Only in 1922, in a completely random and unexpected way during the public reclamation works of the Comacchio valleys, terracotta and bronzes of magnificent Greek workmanship started to pop up from the drying soil.

  • Archaeological Museum of Ferrara
  • Archaeological Museum of Ferrara
  • Archaeological Museum of Ferrara
  • Archaeological Museum of Ferrara
  • Archaeological Museum of Ferrara
  • Archaeological Museum of Ferrara
  • Archaeological Museum of Ferrara

Practically the city of Spina had been buried in the mud for centuries.

The first who hypothesized the site of Spina in Valle Trebba, a valley near Comacchio, was the Bolognese doctor Gian Francesco Bonaveri at the end of the 17th century; an intuition that did not follow then between 19229 and 1935 the excavation campaigns conducted by the superintendent Salvatore Aurigemma in the Valle Trebba area brought to light the northern area of the Spina necropolis more than 1200 burials.

In the 1950s, subsequent reclamation led to the discovery of another 3000 tombs, enormously expanding the area involved in the excavations under the supervision of the Superintendency for Archaeological Heritage of Emilia Romagna and with the direction of the National Archaeological Museum of Ferrara.

The research made us discover a part of the urban complex, built on stilts, distributed within the lagoon of the river Po, connected to the Adriatic Sea by a network of navigable canals.
The structure of the city, safe and well organized, created the multiethnic environment described in the ancient sources and testified by the variety of the materials found, a very flourishing commercial center from its foundation in 540 BC. until the first half of the third century BC.

The Spineti, in short, were cosmopolitan and wealthy Etruscans, capable, for a couple of centuries at least, of guaranteeing a high standard of living and of sublimating it, at the moment of death, in tombs equipped with very rich funeral equipment.

In addition to all the beautifully crafted pottery, particular attention must be paid to the “Sala degli Ori“, an extraordinary collection of gold, silver, amber, and glass paste jewelry of Greek and Etruscan manufacture found in the tombs of Spina.
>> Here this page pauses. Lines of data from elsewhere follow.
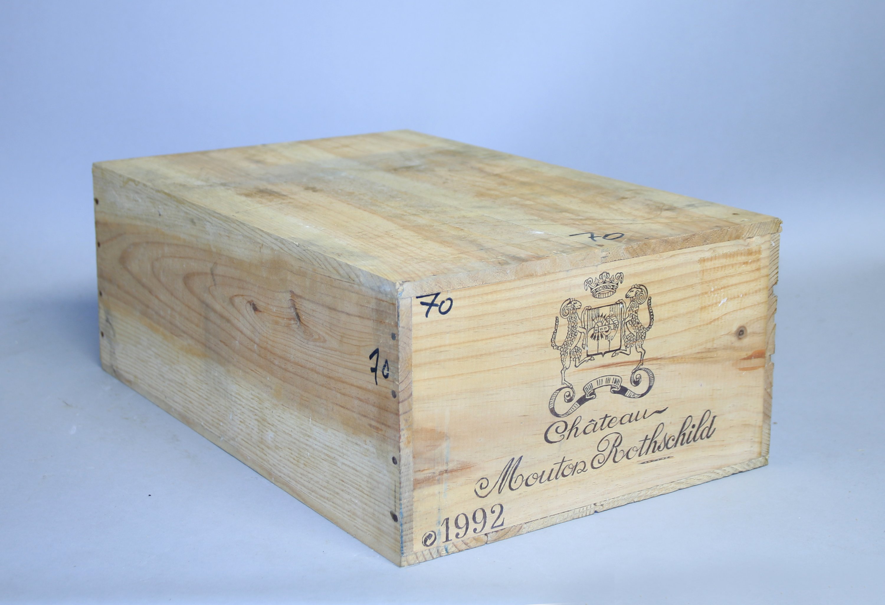 Pauillac, Château Mouton Rothschild, 1er Grand Cru classé, 1992, 12 bouteilles. Caisse en bois d'origine (numérotation au feutre).
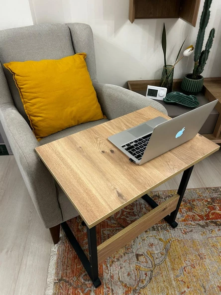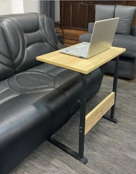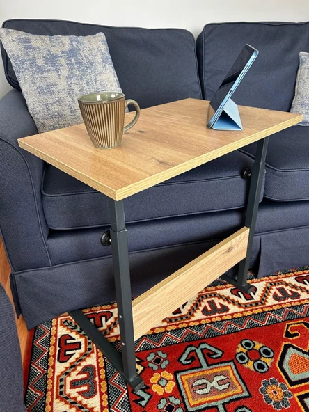 Metal Ayaklı Yükseklik Ayarlı Laptop Sehpası Kahvaltı Masası Çalışma Sehpası Atlantik Çam 60x40
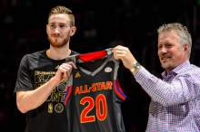 Utah Jazz forward Gordon Hayward (20) is presented with his All-Star jersey by Greg Miller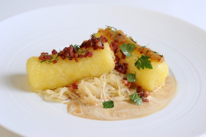 Genellikle uzun, dikdörtgen veya yumurta şeklindedirler ve kaynar tuzlu suda kaynatılırlar. Bu yemeğin adı, kaba rendelenmiş patateslerden dolayı pürüzlü, tüylü benzeri dış yüzeylerine atıfta bulunarak “tüylü” anlamına gelir. Yemeğe genellikle, kremalı domuz pastırması sos ve bir tarafı lahana turşusu veya elma sosu eşlik eder.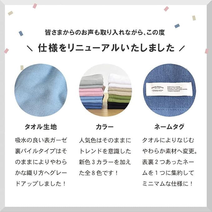 【リニューアル商品】以前のガーゼタオルから試行錯誤を繰り返し、タオル生地、カラー、ネームタグの部分を改良しました!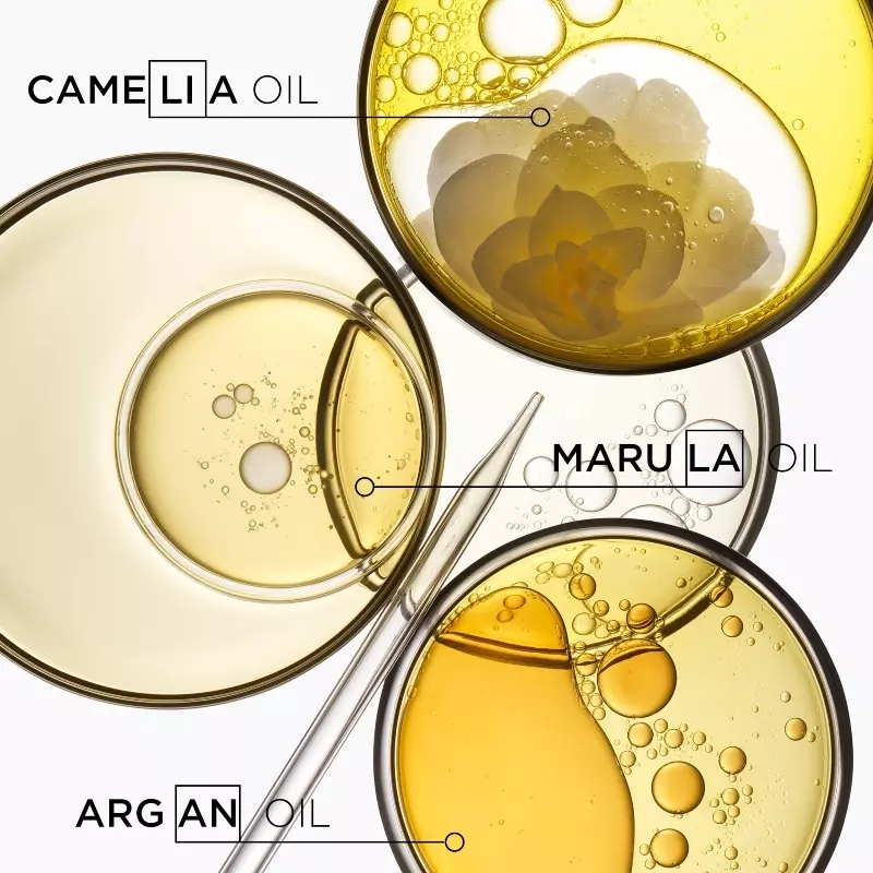 - Indeholder 4 skønne olier: ‘marula, argan, amla, majs og kamelia’.

Earrings, rings, diadems, necklaces, pendants, and jewels, set up in a particularly suggestive way by a jewelry maison that knows: Bulgari !!! A feast for the eyes.

One last suggestion: do not miss the room with access adjacent to the garden which contains two enormous monoxyl pirogues boats (obtained from a single trunk) used for trade on the Po river and its tributaries. Gigantic black and disciple sculptures silently testify to the greatness of a civilization that has disappeared into the womb of the earth.

So follow our suggestion and take the time to immerse yourself in a miraculous find enclosed in an enchanted place.